- HOW TO COMPLETE THIS TASK -
Below are some records; quote exactly the lines from the one that contains "You can only" through the one that contains "풍력터빈을 통해 생산한", inclusive, and no others.

- SUPPLIED INFORMATION -
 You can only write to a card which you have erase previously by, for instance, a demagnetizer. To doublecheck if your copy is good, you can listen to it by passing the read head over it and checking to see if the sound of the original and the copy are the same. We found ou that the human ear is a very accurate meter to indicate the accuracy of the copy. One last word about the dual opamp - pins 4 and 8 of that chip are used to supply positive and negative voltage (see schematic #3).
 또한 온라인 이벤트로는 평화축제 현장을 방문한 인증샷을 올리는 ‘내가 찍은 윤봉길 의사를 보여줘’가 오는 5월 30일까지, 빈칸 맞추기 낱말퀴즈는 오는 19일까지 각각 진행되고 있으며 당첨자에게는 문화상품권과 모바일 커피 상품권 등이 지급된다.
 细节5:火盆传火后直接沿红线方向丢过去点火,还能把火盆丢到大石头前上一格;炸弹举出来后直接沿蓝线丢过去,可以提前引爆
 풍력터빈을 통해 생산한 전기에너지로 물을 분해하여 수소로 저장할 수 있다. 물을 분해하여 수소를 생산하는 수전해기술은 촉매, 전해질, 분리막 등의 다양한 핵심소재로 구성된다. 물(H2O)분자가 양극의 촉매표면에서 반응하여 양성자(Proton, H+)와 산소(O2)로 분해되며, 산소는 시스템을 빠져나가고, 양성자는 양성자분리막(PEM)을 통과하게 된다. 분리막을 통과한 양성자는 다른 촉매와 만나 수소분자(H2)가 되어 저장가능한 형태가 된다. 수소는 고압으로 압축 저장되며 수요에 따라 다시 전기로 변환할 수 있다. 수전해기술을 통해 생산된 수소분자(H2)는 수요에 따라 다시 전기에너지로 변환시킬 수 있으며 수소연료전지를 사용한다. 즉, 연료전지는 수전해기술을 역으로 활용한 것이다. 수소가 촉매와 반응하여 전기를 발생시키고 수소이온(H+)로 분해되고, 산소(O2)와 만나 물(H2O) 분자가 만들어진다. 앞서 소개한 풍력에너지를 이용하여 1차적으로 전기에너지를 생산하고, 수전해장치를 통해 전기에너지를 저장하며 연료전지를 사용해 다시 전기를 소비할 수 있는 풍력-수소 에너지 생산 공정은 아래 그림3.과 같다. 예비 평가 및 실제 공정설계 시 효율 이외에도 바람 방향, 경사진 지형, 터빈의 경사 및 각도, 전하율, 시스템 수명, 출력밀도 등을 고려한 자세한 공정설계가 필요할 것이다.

--

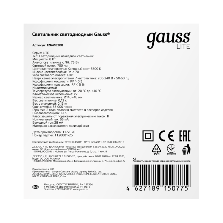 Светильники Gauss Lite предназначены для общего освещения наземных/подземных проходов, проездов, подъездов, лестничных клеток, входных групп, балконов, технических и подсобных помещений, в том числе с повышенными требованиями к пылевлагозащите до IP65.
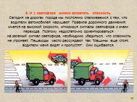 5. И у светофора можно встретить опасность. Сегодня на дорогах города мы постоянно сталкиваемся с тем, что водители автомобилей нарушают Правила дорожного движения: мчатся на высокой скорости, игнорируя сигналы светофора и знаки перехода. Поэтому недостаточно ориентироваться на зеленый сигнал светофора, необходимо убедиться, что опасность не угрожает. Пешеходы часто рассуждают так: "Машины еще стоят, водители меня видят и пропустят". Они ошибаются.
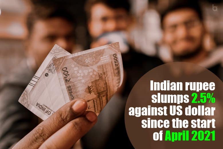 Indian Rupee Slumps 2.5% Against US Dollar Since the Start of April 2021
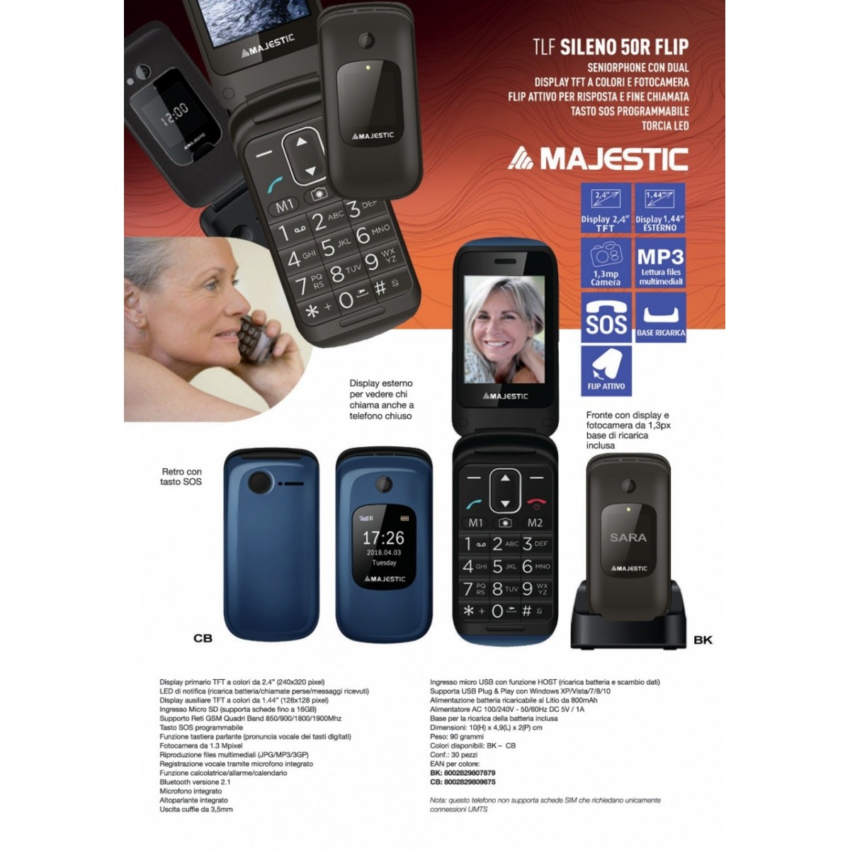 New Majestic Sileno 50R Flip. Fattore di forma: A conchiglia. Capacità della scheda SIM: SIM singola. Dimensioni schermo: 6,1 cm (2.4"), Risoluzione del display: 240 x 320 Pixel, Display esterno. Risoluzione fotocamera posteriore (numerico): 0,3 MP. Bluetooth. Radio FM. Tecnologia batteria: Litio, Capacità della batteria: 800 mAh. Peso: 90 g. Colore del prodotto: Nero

- RESULT -
 You can only write to a card which you have erase previously by, for instance, a demagnetizer. To doublecheck if your copy is good, you can listen to it by passing the read head over it and checking to see if the sound of the original and the copy are the same. We found ou that the human ear is a very accurate meter to indicate the accuracy of the copy. One last word about the dual opamp - pins 4 and 8 of that chip are used to supply positive and negative voltage (see schematic #3).
 또한 온라인 이벤트로는 평화축제 현장을 방문한 인증샷을 올리는 ‘내가 찍은 윤봉길 의사를 보여줘’가 오는 5월 30일까지, 빈칸 맞추기 낱말퀴즈는 오는 19일까지 각각 진행되고 있으며 당첨자에게는 문화상품권과 모바일 커피 상품권 등이 지급된다.
 细节5:火盆传火后直接沿红线方向丢过去点火,还能把火盆丢到大石头前上一格;炸弹举出来后直接沿蓝线丢过去,可以提前引爆
 풍력터빈을 통해 생산한 전기에너지로 물을 분해하여 수소로 저장할 수 있다. 물을 분해하여 수소를 생산하는 수전해기술은 촉매, 전해질, 분리막 등의 다양한 핵심소재로 구성된다. 물(H2O)분자가 양극의 촉매표면에서 반응하여 양성자(Proton, H+)와 산소(O2)로 분해되며, 산소는 시스템을 빠져나가고, 양성자는 양성자분리막(PEM)을 통과하게 된다. 분리막을 통과한 양성자는 다른 촉매와 만나 수소분자(H2)가 되어 저장가능한 형태가 된다. 수소는 고압으로 압축 저장되며 수요에 따라 다시 전기로 변환할 수 있다. 수전해기술을 통해 생산된 수소분자(H2)는 수요에 따라 다시 전기에너지로 변환시킬 수 있으며 수소연료전지를 사용한다. 즉, 연료전지는 수전해기술을 역으로 활용한 것이다. 수소가 촉매와 반응하여 전기를 발생시키고 수소이온(H+)로 분해되고, 산소(O2)와 만나 물(H2O) 분자가 만들어진다. 앞서 소개한 풍력에너지를 이용하여 1차적으로 전기에너지를 생산하고, 수전해장치를 통해 전기에너지를 저장하며 연료전지를 사용해 다시 전기를 소비할 수 있는 풍력-수소 에너지 생산 공정은 아래 그림3.과 같다. 예비 평가 및 실제 공정설계 시 효율 이외에도 바람 방향, 경사진 지형, 터빈의 경사 및 각도, 전하율, 시스템 수명, 출력밀도 등을 고려한 자세한 공정설계가 필요할 것이다.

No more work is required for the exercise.